G a z e t a

 Les Amis de la Musique Polonaise

 

 

BULLETIN D’INFORMATION

 

Numéro 9

 4e trimestre 2003

Assemblée générale

Les dates du prochain et XI e Concours International de Piano - Milosz Magin ont été arrêtées et nous sommes heureux de vous annoncer que celui-ci se déroulera à Paris du 17 au 22 mars 2005.

Lors de l’assemblée générale ordinaire annuelle du mardi 14 octobre dernier qui s’est déroulée à la Maison des Anciens Combattants Polonais, le bilan du dernier concours s’est avéré positif à divers niveaux : celui du nombre et de la qualité des candidats, du retentissement parmi les médias et du succès grandissant auprès du public.

Une large programmation de concerts ainsi que d’enregistrements de musique polonaise avec la participation de lauréats est prévue pour 2004, qui ne l’oublions pas, sera l’année de la Pologne.

 

Le Congrès National de la " Polonia "

Le samedi 11 octobre 2003, le Congrès National de la " Polonia " réunissait de nombreuses associations polonaises à l’Ambassade de Pologne de Paris. Cet événement, pour le moins inattendu et particulièrement émouvant attira une foule considérable venue de toute la France.

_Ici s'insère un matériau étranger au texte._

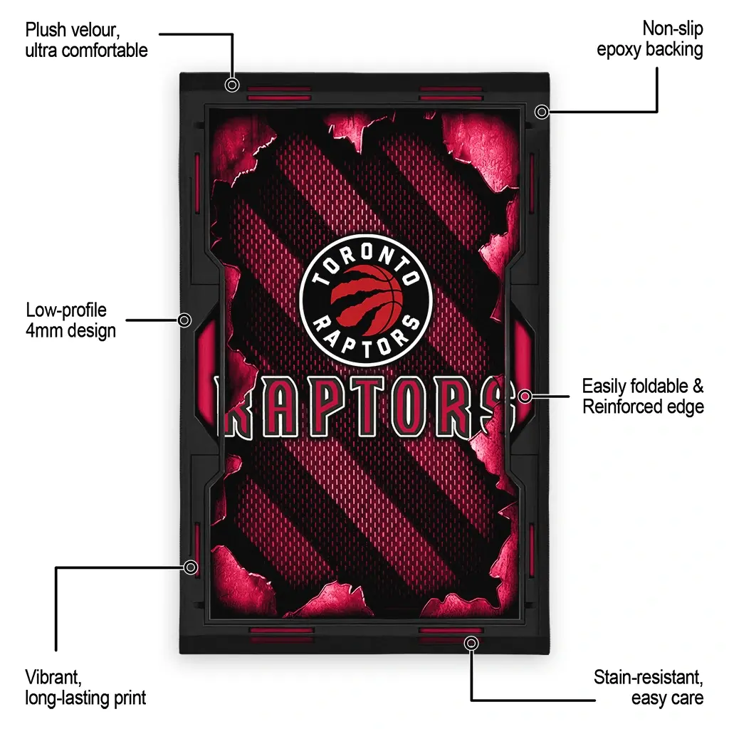 Hit a home run with your favorite team by displaying the Toronto Raptors Rug – Personalized Torn Mesh Red from MLB Fan Zone. Featuring a bold team design and crafted with plush velour, this durable sports rug offers ultimate comfort for your home or game-day fan cave. With a quality non-slip grip and stay-flat design, it’s the perfect accessory for any die-hard fan ready to rep their team from the living room to the clubhouse.
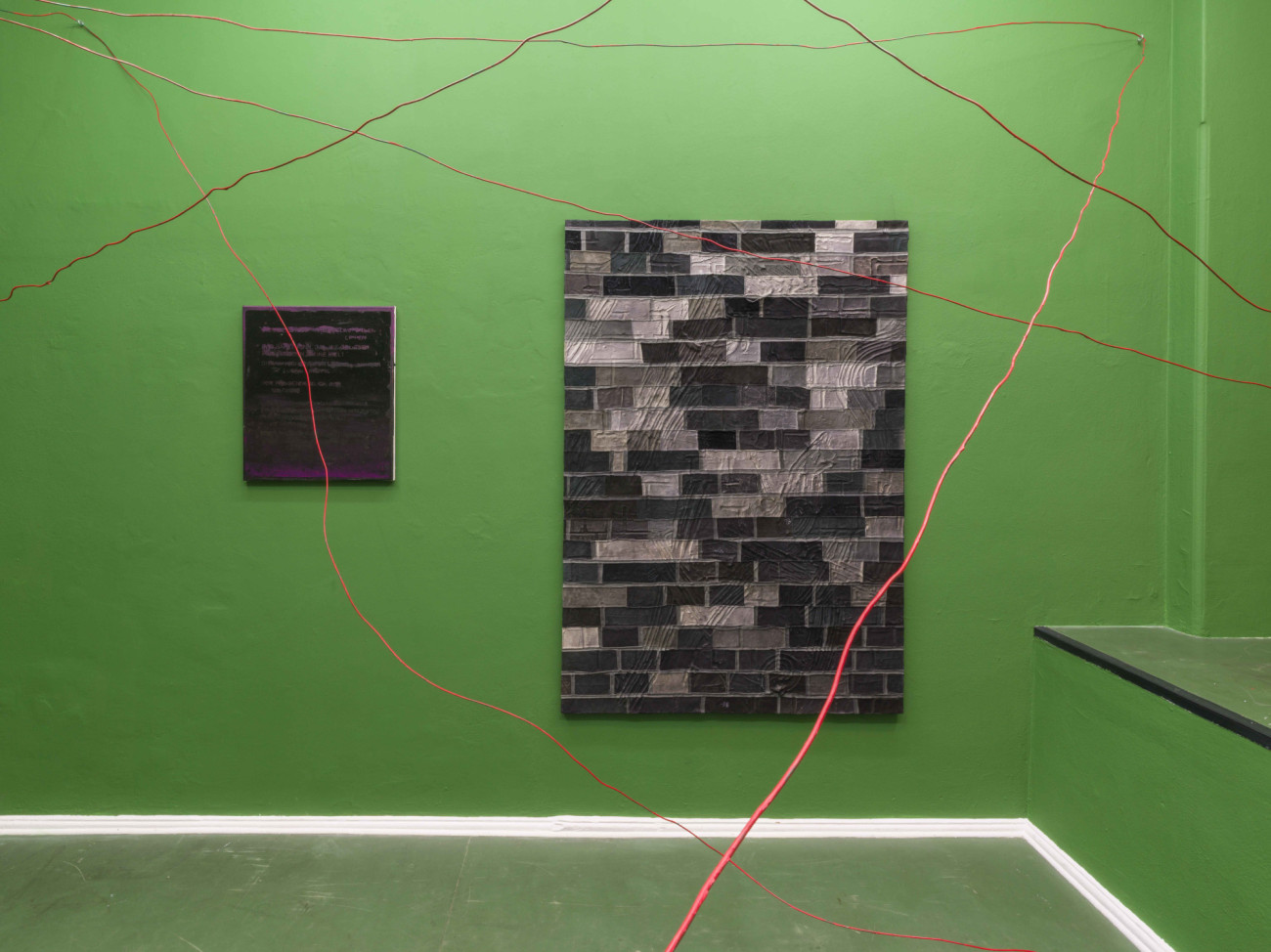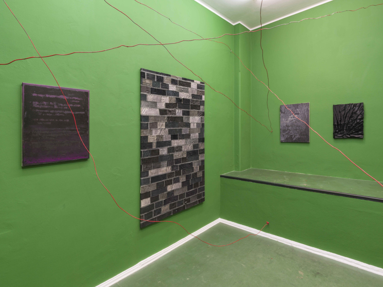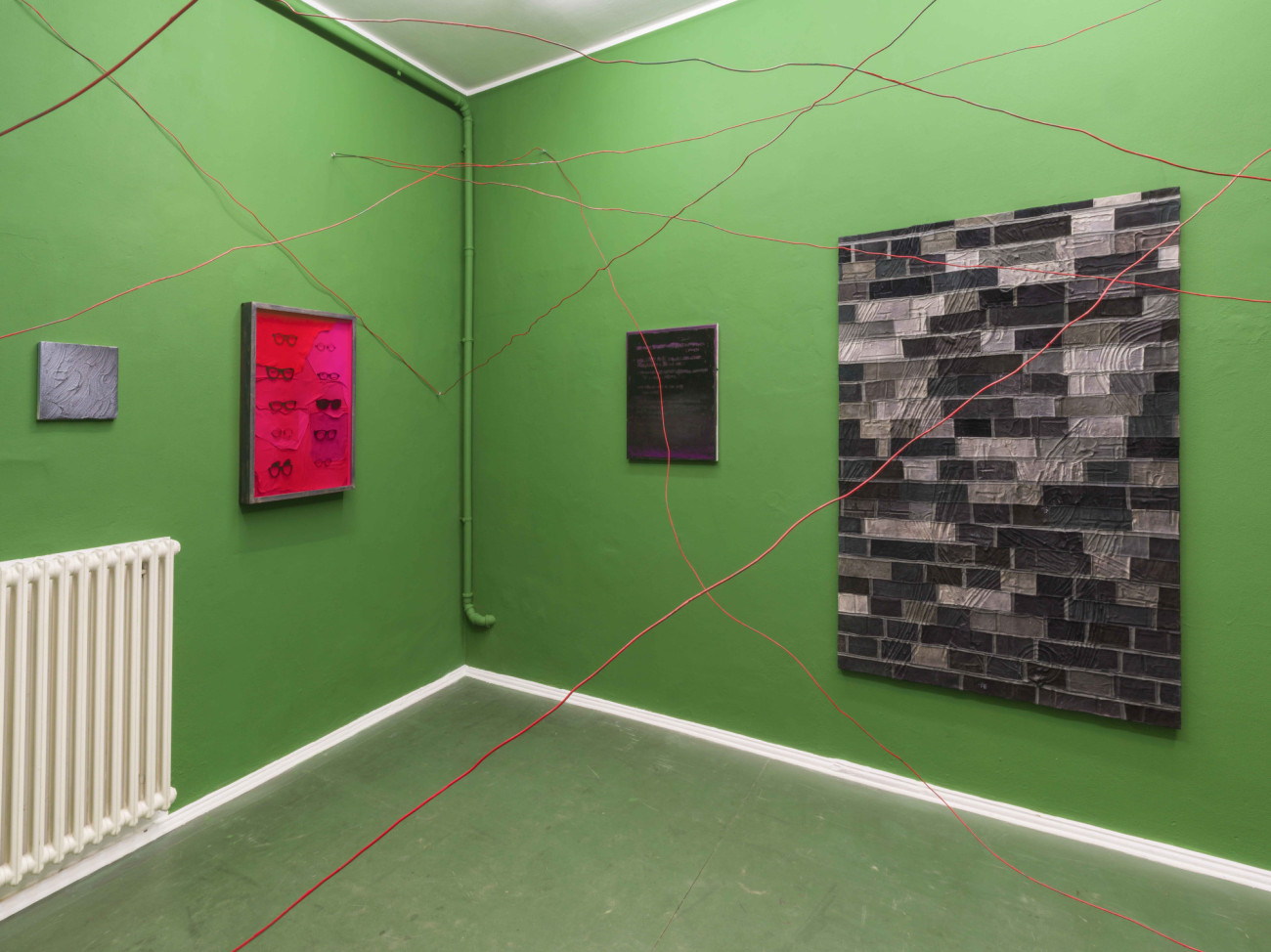 Und wo ist der rote Faden? Einfach überall. Er spannt sich wie ein Spinnennetz quer durch den Raum, erschwert den Zugang, macht es auch physisch anstrengend sich den Arbeiten zu nähern. Aber dann sind sie ganz nah. Ganz offen, voller Zwischenräume, die den Betrachter einladen, zwischen den Zeilen zu lesen. Sie sind da und wollen nichts. Sie funktionieren für sich. Aber wenn ein Außen dazukommt, ein fremder Blick, eine neue Perspektive, dann leben Sie auf, werden Wahrheit und Geschichte zugleich.

De nombreuses associations purent ainsi se rencontrer pour la première fois, ne connaissant pour la plupart, l’existence ni des uns ni des autres et découvrir par ce biais la diversité de leurs actions respectives. Certains, venus de très loin, semblèrent tout d’abord très impressionnés par la beauté et la richesse des décorations des salons de l’Ambassade.

Après quelques mots d’accueil de Monsieur Jan Tombinski Ambassadeur de Pologne, chacune de ces associations composées de personnes d’origine polonaise, voire de français attachés à la Pologne par des liens familiaux ou amicaux, eut enfin l’occasion de se faire connaître. Quelques présidents semblèrent intimidés, d’autres émus lors de cette présentation, mais il en découla indéniablement qu’une telle démarche donnait non seulement du courage à tous ces bénévoles mais officialisait d’une certaine manière leur activité aux yeux de tous. De nombreux journalistes de la presse française conviés ce jour-là, prirent connaissance des actions menées par les personnalités qui composent l’immigration polonaise et purent apprécier la haute qualité de cette réunion.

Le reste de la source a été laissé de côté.